Science & Technology

Human Egg Farms?

How biomedical science does an end run around anti-cloners


Embryonic stem cells taken from mice can be transformed into mouse eggs, according to a report published in the journal Science last week. If it works for mouse cells, many researchers believe that it will work for human cells, too.

In other words, colonies of human embryonic stem cells could potentially be transformed into an unlimited supply of human eggs. Those eggs, in turn, contain the factors needed to jumpstart the process that produces more malleable embryonic stem cells that can be transformed into any type of cell in the body. Thus, we now have the promise of a self-sustaining cycle of stem cell production that does not depend on donor eggs from living women.

This could have important effects on the future of what is being called regenerative medicine. Some day, physicians will be able to transform stem cells into cells and tissue that can replace damaged cells in the patient from whom the original genes were taken. Such cells would be perfect transplants that could repair things such as heart muscle damaged by heart attacks or replace dead brain cells killed by Parkinson's disease. Tens of millions of Americans could benefit from those techniques.

The major technical bottleneck has been the scarcity of human eggs needed to jumpstart the process. Heretofore, human eggs have been harvested from women who undergo hormonal treatments that cause them to superovulate. These treatments are generally unpleasant and may be dangerous to the women's health. Obtaining millions of eggs for stem cell therapies in this way would be neither moral nor practical.

Nevertheless, opponents of human stem cell research painted lurid pictures of women confined to human egg farms forced to produce eggs for avaricious doctors and corporations. Conservative embryonic stem cell opponent Wesley Smith calculated, "Obtaining [800 million] human eggs for [curing diabetes] would involve stimulating the ovaries to hyper-ovulate, which generally produces 7-10 eggs. Assuming a liberal 10 eggs harvested from each procedure, 80 million women of childbearing age would be needed as donors." Feminist Judy Norsigian, the executive director of the Boston Women's Health Book Collective, joined with conservative opponents, citing fears that stem cell therapies would lead to a "massive expansion in the use of women as paid 'egg producers.'" But thanks to the new mouse stem cell work, it appears that donated eggs soon may not be necessary.

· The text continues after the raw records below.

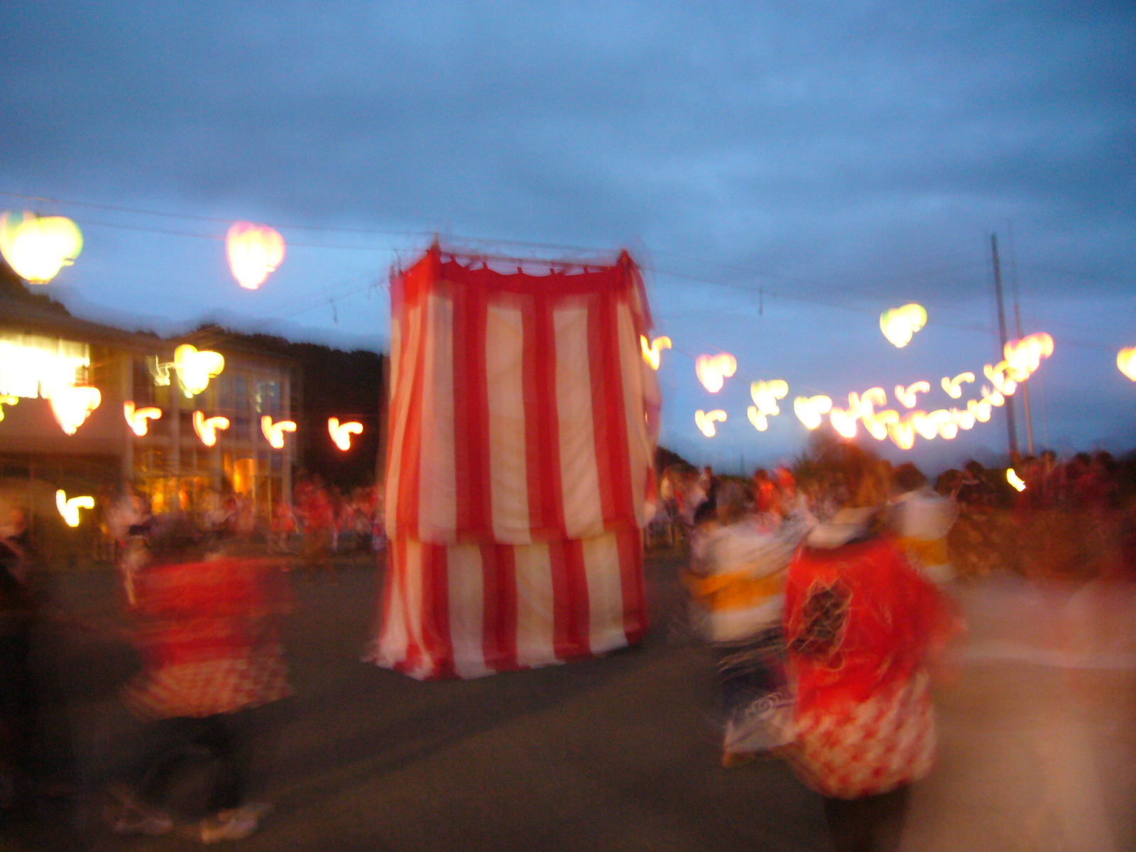 力強く打ち鳴らされた太鼓に合わせて、職員も混ざり、ヤグラのまわりを輪になって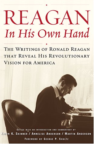 Until Alzheimer's disease wreaked its gradual destruction, Ronald Reagan was an inveterate writer. He wrote not only letters, short fiction, poetry, and sports stories, but speeches, newspaper articles, and radio commentary on public policy issues, both foreign and domestic. Most of Reagan's original writings are pre-presidential. From 1975 to 1979 he gave more than 1,000 daily radio broadcasts, two-thirds of which he wrote himself. They cover every topic imaginable: from labor policy to the nature of communism, from World War II to the second Strategic Arms Limitation Treaty, from the future of Africa and East Asia to that of the United States and the world. They range from highly specific arguments to grand philosophy to personal stories. Even those who knew him best were largely unaware of Reagan's output. George Shultz, as he explains in the Foreword, was surprised when he first saw the manuscripts, but on reflection he really was not surprised at all. Here is definitive proof that Ronald Reagan was far more than a Great Communicator of other people's ideas. He was very much the author of his own ideas, with a single vision that he pursued relentlessly at home and abroad. Reagan, In His Own Hand presents this vision through Reagan's radio writings as well as other writings selected from throughout his life: short stories written in high school and college, a poem from his high school yearbook, newspaper articles, letters, and speeches both before and during the presidency. It offers many surprises, beginning with the fact that Reagan's writings exist in such size and breadth at all. While he was writing batches and batches of radioaddresses, Reagan was also traveling the country, collaborating on a newspaper column, giving hundreds of speeches, and planning his 1980 campaign. Yet the wide reading and deep research self-evident here suggest a mind constantly at work. The selections are reproduced with Reagan's own edits, offering a unique window into his thought processes. These writings show that Reagan had carefully considered nearly every issue he would face as president. When he fired the striking air-traffic controllers, many thought that he was simply seizing an unexpected opportunity to strike a blow at organized labor. In fact, as he wrote in the '70s, he was opposed to public-sector unions using strikes. There has been much debate as to whether he deserves credit for the end of the cold war; here, in a 1980 campaign speech draft, he lays out a detailed vision of the grand strategy that he would pursue in order to encourage the Soviet system to collapse of its own weight, completely consistent with the policies of his presidency. Furthermore, in 1984, Reagan drafted comments he would make to Soviet foreign minister Andrei Gromyko at a critical meeting that would eventually lead to history's greatest reductions in armaments. Ronald Reagan's writings will change his reputation even among some of his closest allies and friends. Here, in his own hand, Reagan the thinker is finally fully revealed.From reader reviews: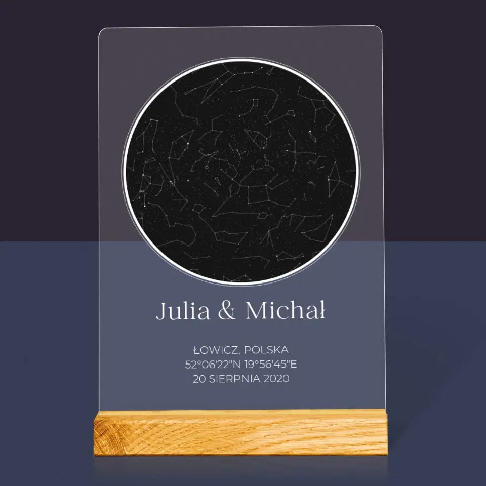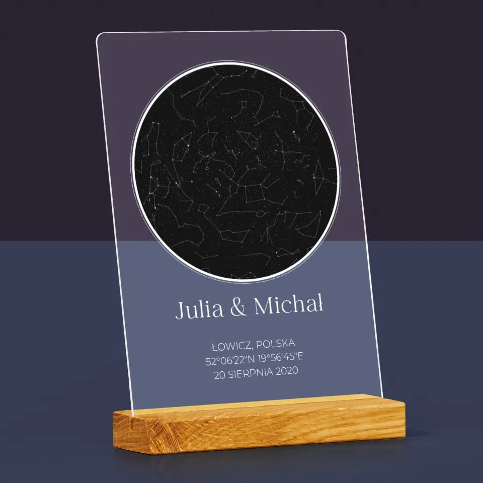 Mapa Gwiazd: Dla Zakochanych - Wydruk na szkle akrylowym LED

Assuming that human eggs can be produced in mass quantities using embryonic stem cells, that might split the strange bedfellows in the Left-Right coalition against therapeutic cloning. It may also make inroads among those people uncomfortable with therapeutic cloning, because that technique would make it clear that somatic cells (normal body cells) and embryonic cells differ only in the details of their biochemistry and can be transformed from one to another. An embryonic cell is no more a complete human being requiring legal protection than any other body cell.

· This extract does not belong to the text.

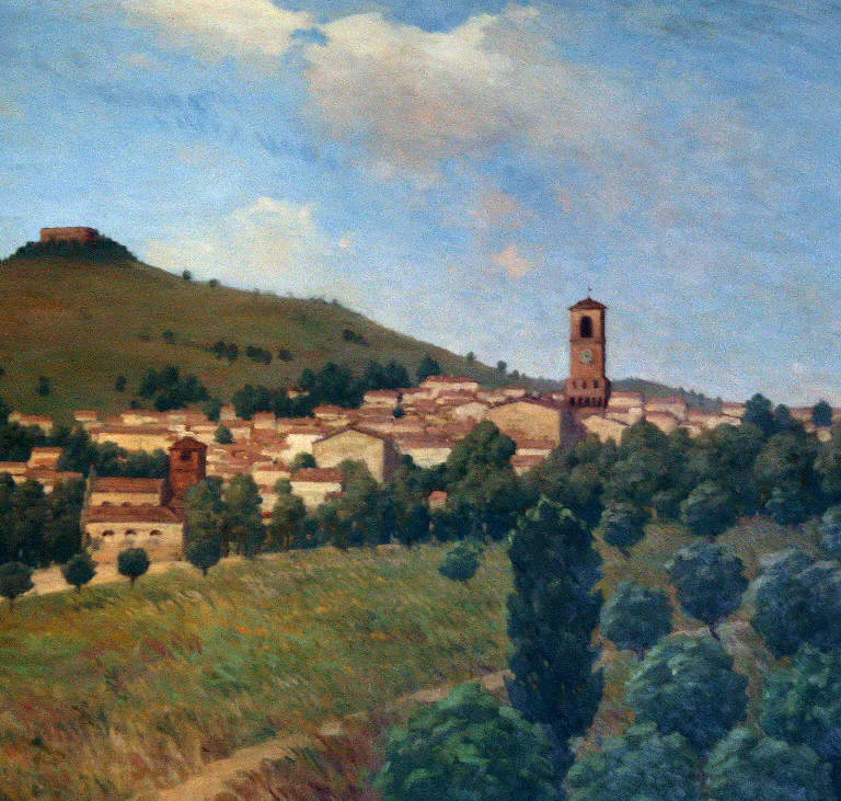 - NOTIZIE STORICO CRITICHE Il dipinto fa parte di un insieme di sei tele (tutte con scorci di Pavia e Provincia), racchiuse entro una sottile cornice in legno dorato, inserite in una cornice in marmo rosa. Le sei tele costituiscono le sovrapporte che decorano altrettante porte in legno (che si aprono nello stesso ufficio), a listelli orizzonatli in radica, con stipiti e architrave in marmo rosso. \nL'apparato decorativo della stanza, oltre alle porte con cornici marmoree e alle sovrapporte, comprende otto stemmi dipinti sul soffitto e una zoccolatura con rivestimento marmoreo, con lastre di marmo rosso in rilievo sul fondo rosa, a creare una specie di decoro a bugnato e un pavimento a mosaico geometrico. L'insieme si può far risalire alla progettazione degli anni Trenta del Novecento dell'arch. Carlo Morandotti, molto attento alla cura degli interni e non solo alla distribuzione funzionale degli spazi e all'organizzazione formale dei prospetti.

For those still committed to the idea that every embryo is as morally significant as a living person, the discovery of how to transform embryonic stem cells into eggs will probably have little immediate effect. However, as the details of the biochemistry of embryonic cells, eggs, and somatic cells are further unraveled, the moral intuitions of such opponents may also shift. Even the Roman Catholic Church has changed its opinion about the moral status of early embryos over time and could change it again in light of new scientific information.

The discovery that embryonic stem cells can be transformed into eggs also has implications for human reproduction. For example, it could make human reproductive cloning unnecessary. How? Proponents of reproductive cloning have always believed that it would be a little-used niche treatment for infertility. Now researchers agree that it should be possible to transform embryonic stem cells not only into eggs, but into sperm as well.

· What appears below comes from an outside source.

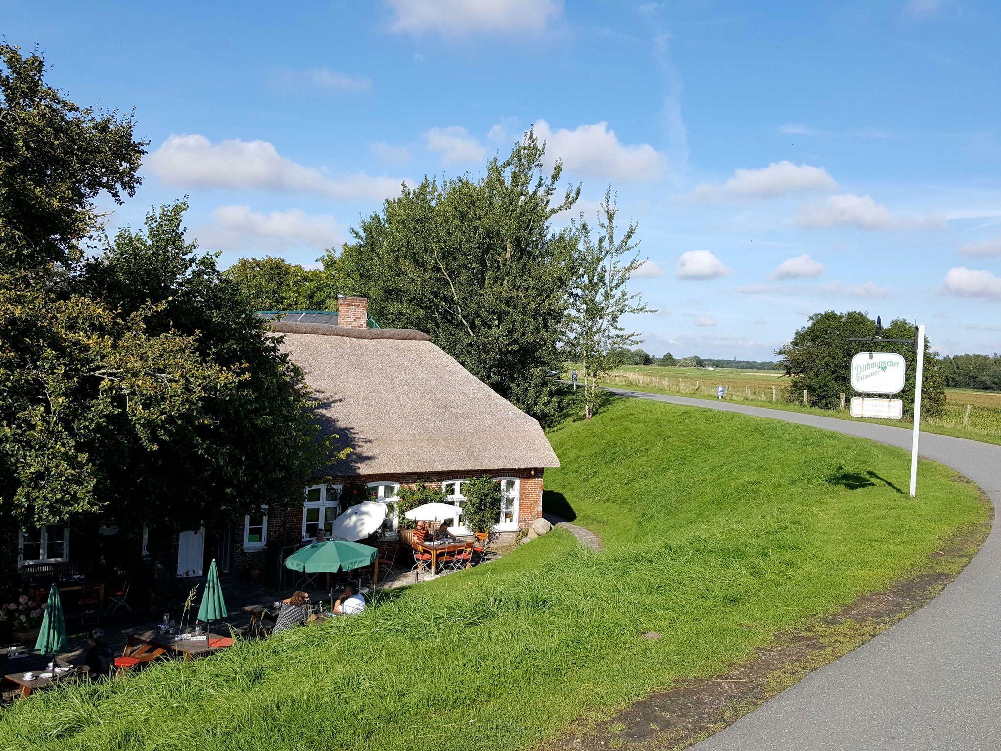 Die weit über Eiderstedt bekannte historische Schankwirtschaft Wilhelm Andresen ist nur 50m entfernt und lockt mit köstlichem Kaffee und Kuchen oder einem deftigen Nordsee-Krabbenbrot mit Spiegelei und Bratkartoffelgerichten. Dort kann man sogar heiraten. (Leider ist der Gasthof derzeit geschlossen!) Einkaufsmöglichkeiten gibt es im per Auto 5 Minuten entfernten Garding. In der Saison gibt es frische Erdbeeren und Lammfleisch im Erdbeerhof Kühl, auf dem Weg nach Garding.

One possible future scenario would have an infertile couple using eggs derived from previously existing stem cell lines to produce their own embryonic stem cells. These new stem cells with the genetic material derived from the man and the woman could be transformed into eggs and sperm that could then be combined to form an embryo. The new embryo containing genes from both the man and woman, just like a conventionally produced embryo, could then be implanted in the woman's womb. Gay couples could also use the same technique to produce children sharing both their genes. Of course, this should only be done once the technique has been proven to work safely.

Finally, the discovery of how to transform stem cells into eggs might derail the pernicious anti-cloning bill that has already been passed twice by the House of Representatives and is still pending in the Senate. The pace of biomedical progress may well outstrip the efforts of those who are trying to stifle it.